|Object type||Edged weapon or club accessory|
|Physical description||Cotton, Leather, Wood|
|Date made||c 1940s|
Second World War, 1939-1945
Kukri scabbard : Major L W Bowley, Royal Artillery, British Army
Kukri scabbard with khaki cloth outer, for wear with British pattern webbing. The scabbard is made from hand tanned and hand sewn leather. The throat of the scabbard has four storage points. The main point, lined with wood for added strength, is for the kukri. Two smaller points next to this are for the karda and chakmak knives. A fourth point would be used to store small objects such as a small whetstone or coins. The outer cloth over the scabbard is khaki coloured cotton to blend in when attached to British pattern webbing. Marked on the cloth at the throat of the scabbard in black ink is 'L W BOWLEY RA'. At the throat of the cloth cover, is a small strap with a machined button hole at the end. The button on the opposite side to this is missing.
Associated with the service of Major Leslie Welbourne Bowley who served with the British Army during the Second World War.
Bowley's youth was marked by tragedy when his father was killed in the early months of the First World War. His father, Second Lieutenant Thomas Henry Bowley, had been a career solder, enlisting in the Border Regiment in 1893. He served during the Boer War and remained with the Border Regiment after returning home. By 1914 he was a company sergeant major. He accepted a commission after the outbreak of the First World War, landing at Zeebrugge, Belgium, with 1 Battalion, the Leicestershire Regiment, on 6 October 1914. He was killed a few weeks later at Kruiseek Hill in Belgium on 26 October 1914. He has no known grave, and his name is listed on the Ploegsteert Memorial.
Leslie Bowley's mother, Louisa, struggled to cope with the loss of her husband and Bowley was sent to Christ's Hospital school in Horsham, West Sussex.
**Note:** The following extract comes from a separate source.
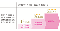 毎年4月1日に前年1月1日~12月31日までの購入金額に応じて、「1スター」「3スター」「5スター」の3ステージを適用する

The school accepted the sons of less fortunate parents. After completing school, Bowley went to work in the foreign department of the bank of Messrs Coutts and Company. In 1932, Bowley began serving in the British Territorial Army, first with the Imperial Cadet Yeomanry and later with the 54th (City of London) Heavy Anti-Aircraft Regiment. He was granted a commission in the late 1930s. During this period he married and began a family.
In July 1939, Bowley requested, and was granted, a short service regular engagement as an instructor to the militia. He remained in this role until October 1939. In November, he embarked for France, but was instead diverted to India, arriving there in December. During this period he was promoted to captain. Bowley and his battery were sent to Iraq in May 1941, to assist in quelling a rebellion, led by Rashid Ali. The conflict lasted less than a month, with Ali's forces defeated, and the British backed government restored.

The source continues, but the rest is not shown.